- **THE PROBLEM**
Copying rule for the data below: take the line containing "由自梳女捐建的祠堂 在解放后落成,图中 是自梳女老年后,冰玉堂前合影" and every line after it to the end, exactly, and drop all pictures.

════════════════

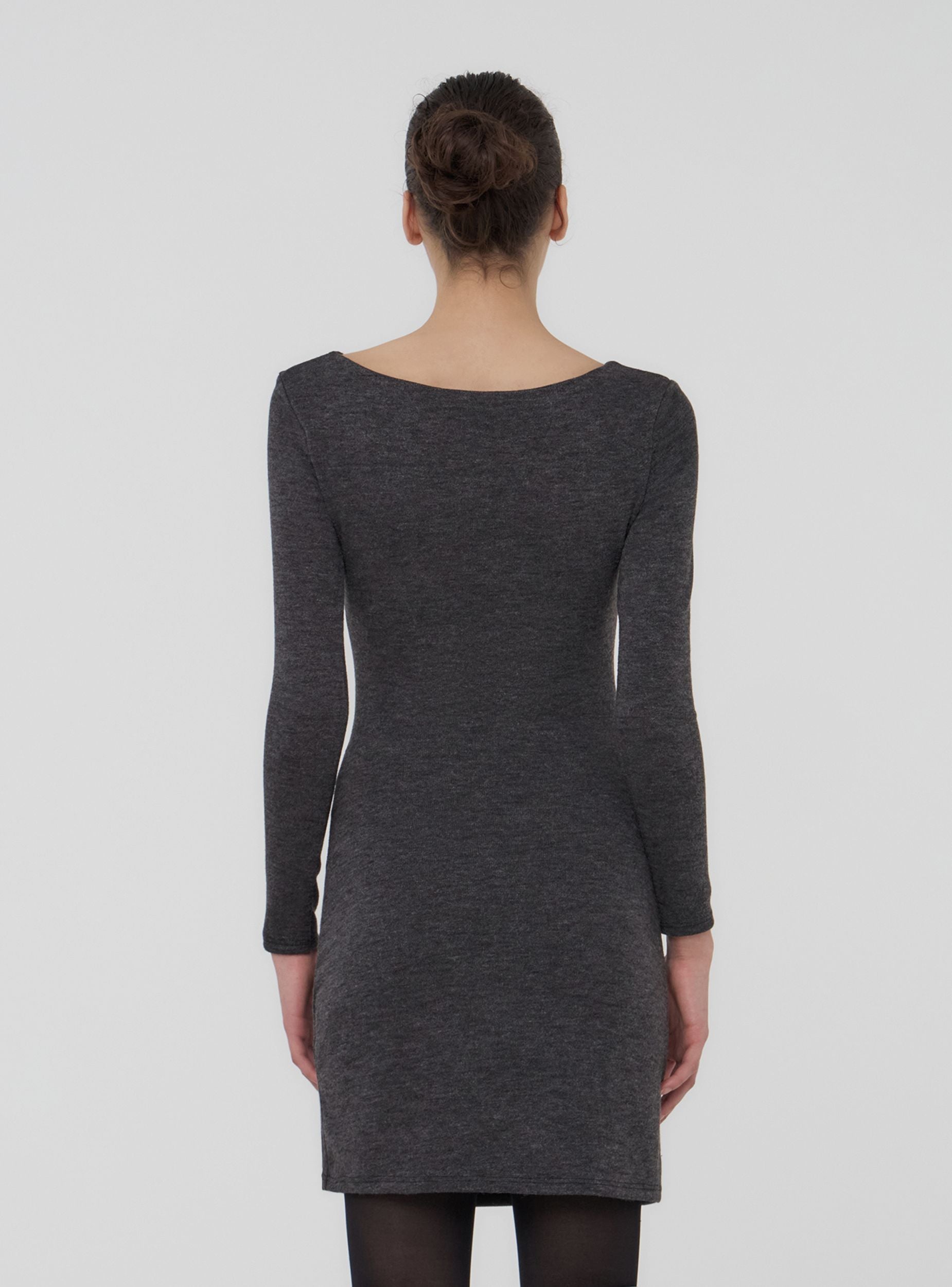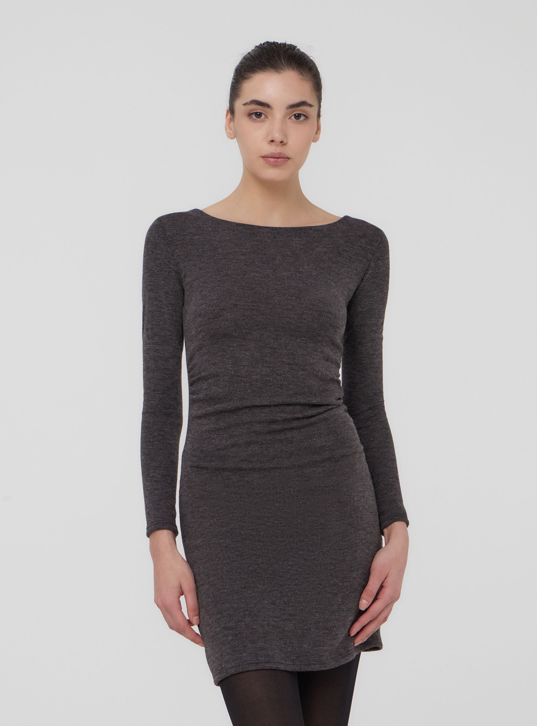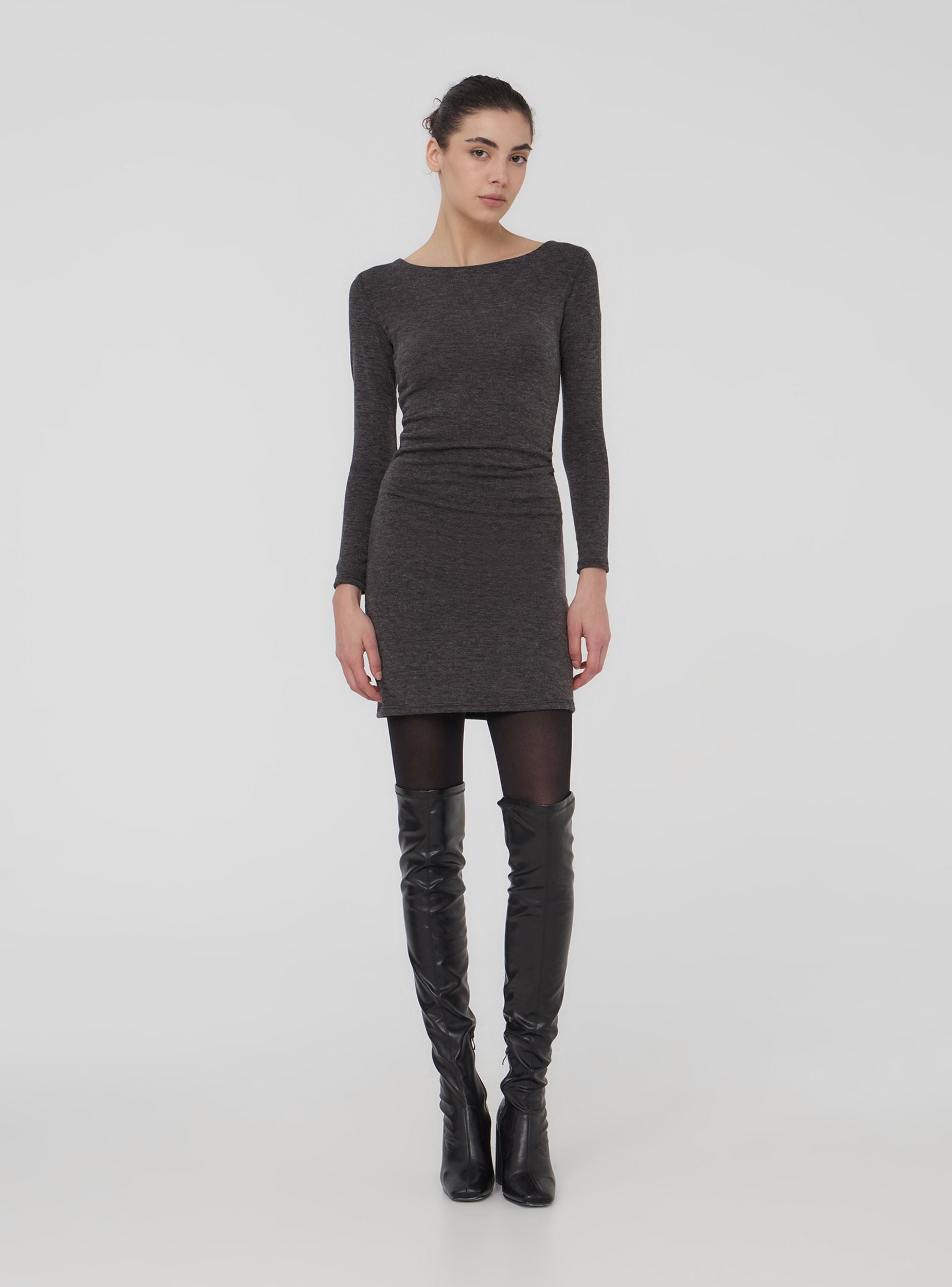 Abito da donna dallo stile versatile, caratterizzato da una trama in maglia a tinta unita che garantisce comfort e morbidezza. La lunghezza corta e le maniche lunghe lo rendono adatto a diverse occasioni, mentre le arricciature lungo i lati aggiungono un tocco di movimento e femminilità al design. Perfetto per essere abbinato a stivali o scarpe basse, è un capo ideale per look casual ma curati nei dettagli.
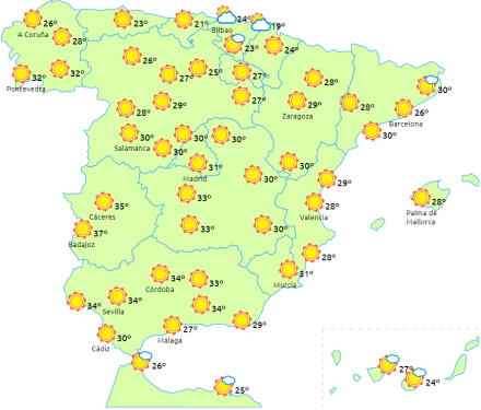 Temperaturerne vil fortsat stige på halvøen, undtagen ved Middelhavskysten og på Balearerne, hvor de forbliver uændrede. Lette fald på De Kanariske Øer.
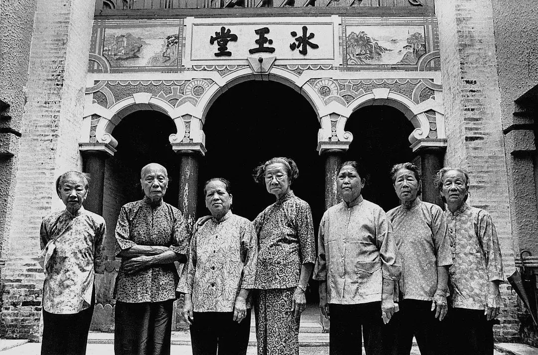 由自梳女捐建的祠堂 在解放后落成,图中 是自梳女老年后,冰玉堂前合影
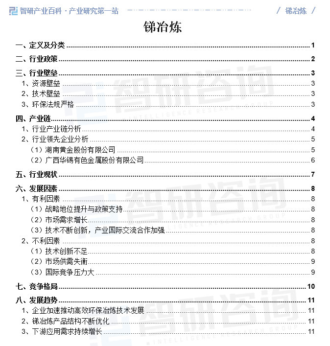智研产业百科是智研咨询推出的产研工具平台,致力于为您提供全方位的百科式产业信息查询服务。智研咨询践行用信息驱动产业发展的企业使命,完善和丰富企业方法论,依托产业百科平台提升信息价值,持续为行业发展及企业投资决策赋能。锑冶炼产业百科作为锑冶炼产业一站式系统化研究工具,全面归纳了锑冶炼产业知识信息,内容涵盖锑冶炼产业的定义、分类、政策、产业链、竞争格局、发展趋势等,并依靠信息技术建立智能互链的行业知识图谱,为行研从业者及相关投资者提供深入的洞察力和全面的信息。
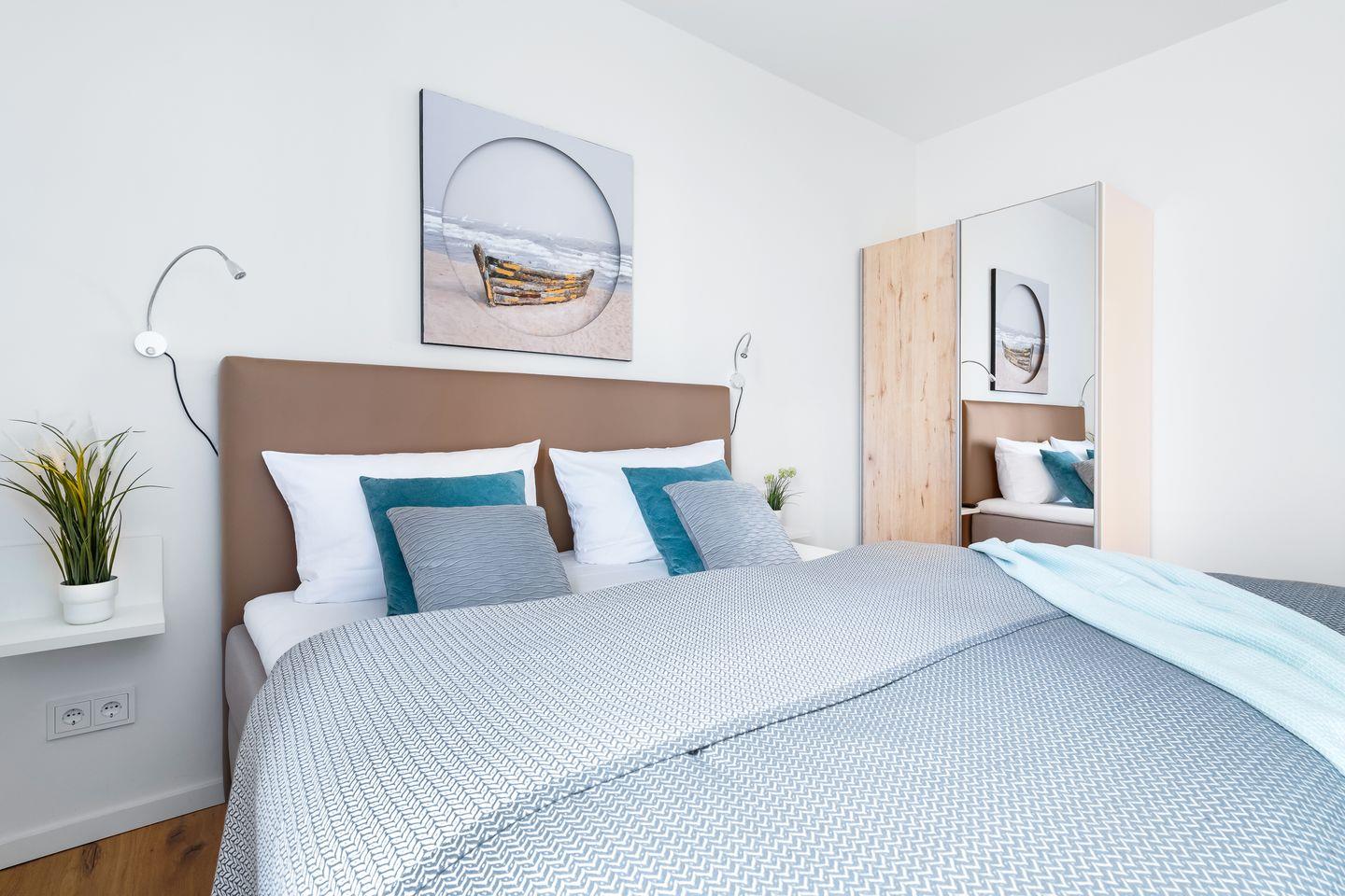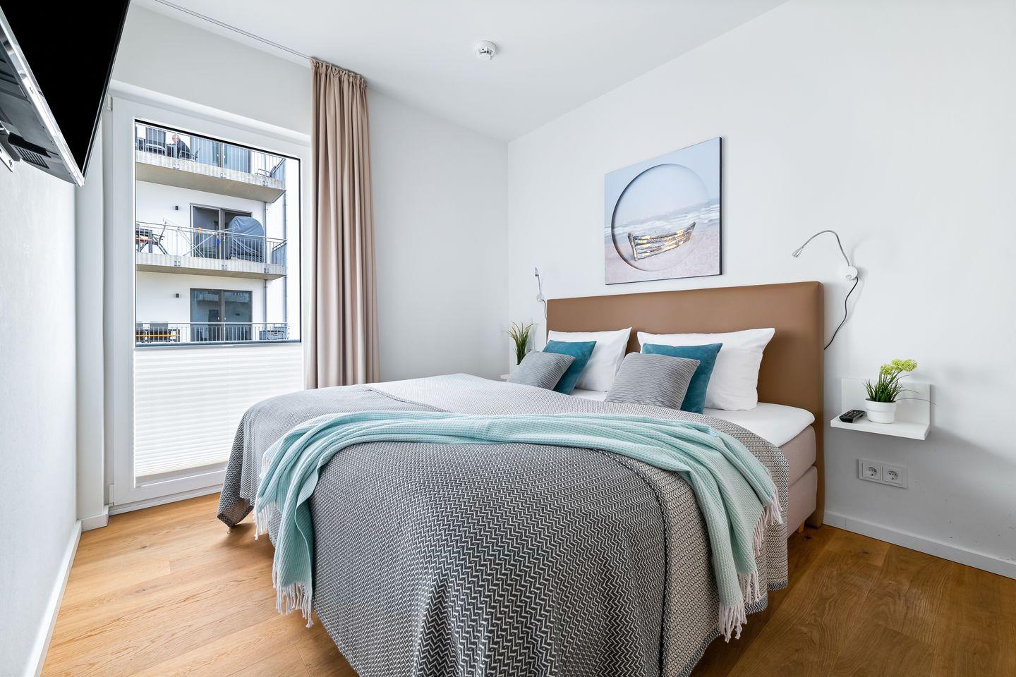 Das helle Schlafzimmer verfügt über ein hochwertiges Doppel-Boxspringbett, das für einen tiefen und erholsamen Schlaf sorgt. Das bodentiefe Fenster lässt sich durch Gardinen abdunkeln.

════════════════

- **RESULT BELOW**
 由自梳女捐建的祠堂 在解放后落成,图中 是自梳女老年后,冰玉堂前合影
智研产业百科是智研咨询推出的产研工具平台,致力于为您提供全方位的百科式产业信息查询服务。智研咨询践行用信息驱动产业发展的企业使命,完善和丰富企业方法论,依托产业百科平台提升信息价值,持续为行业发展及企业投资决策赋能。锑冶炼产业百科作为锑冶炼产业一站式系统化研究工具,全面归纳了锑冶炼产业知识信息,内容涵盖锑冶炼产业的定义、分类、政策、产业链、竞争格局、发展趋势等,并依靠信息技术建立智能互链的行业知识图谱,为行研从业者及相关投资者提供深入的洞察力和全面的信息。
 Das helle Schlafzimmer verfügt über ein hochwertiges Doppel-Boxspringbett, das für einen tiefen und erholsamen Schlaf sorgt. Das bodentiefe Fenster lässt sich durch Gardinen abdunkeln.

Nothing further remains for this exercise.